> **Directions**
Repeat the data in full. Drop every picture.

> **Source material**

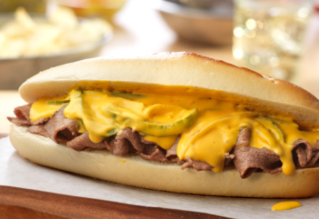 Cheesesteak lovers this ones for you! Fresh hard rolls hold thinly sliced sirloin steak that is topped with a fantastic, cheesy veggie mixture. These sandwiches are so easy and delicious theyre guaranteed to become a family favorite!
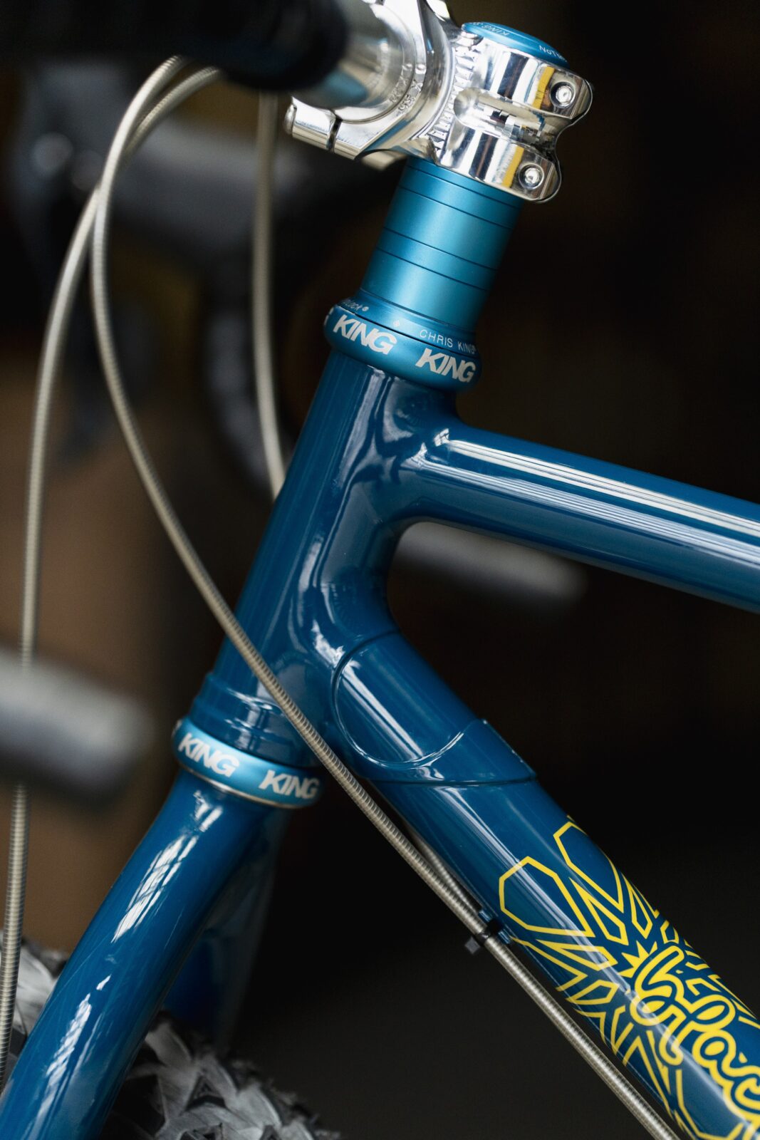 ヘッドチューブには、オリジナルのラグが用いられ、加えて、溶接痕のわからない滑らかな仕上げとなったフィレット溶接で仕上げられたその姿はとても美しいものです。その拘りと制作に対する熱量が伺えます。
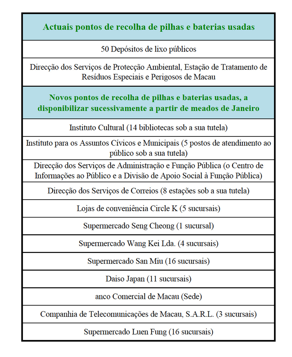 Os 50 depósitos de lixo públicos passíveis de receber as pilhas e baterias usadas cobrem todas as zonas de Macau, nomeadamente 42 depósitos na Península de Macau, 5 depósitos na Ilha da Taipa e 3 depósitos na Ilha de Coloane. Os pontos de recolha situados na DSPA e na Estação de Tratamento de Resíduos Especiais e Perigosos de Macau continuarão abertos ao público.
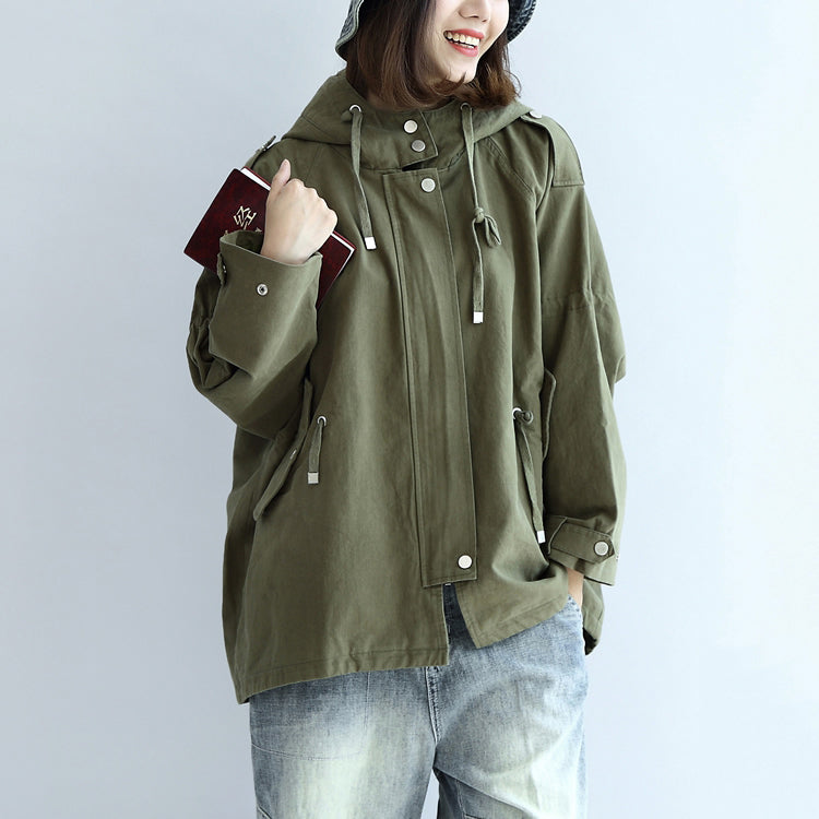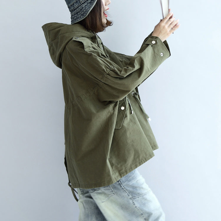 Teegrüne übergroße Trenchcoats in Übergröße mit kurzen Kapuzenpullovern

> **Task solution**
 Cheesesteak lovers this ones for you! Fresh hard rolls hold thinly sliced sirloin steak that is topped with a fantastic, cheesy veggie mixture. These sandwiches are so easy and delicious theyre guaranteed to become a family favorite!
 ヘッドチューブには、オリジナルのラグが用いられ、加えて、溶接痕のわからない滑らかな仕上げとなったフィレット溶接で仕上げられたその姿はとても美しいものです。その拘りと制作に対する熱量が伺えます。
 Os 50 depósitos de lixo públicos passíveis de receber as pilhas e baterias usadas cobrem todas as zonas de Macau, nomeadamente 42 depósitos na Península de Macau, 5 depósitos na Ilha da Taipa e 3 depósitos na Ilha de Coloane. Os pontos de recolha situados na DSPA e na Estação de Tratamento de Resíduos Especiais e Perigosos de Macau continuarão abertos ao público.
 Teegrüne übergroße Trenchcoats in Übergröße mit kurzen Kapuzenpullovern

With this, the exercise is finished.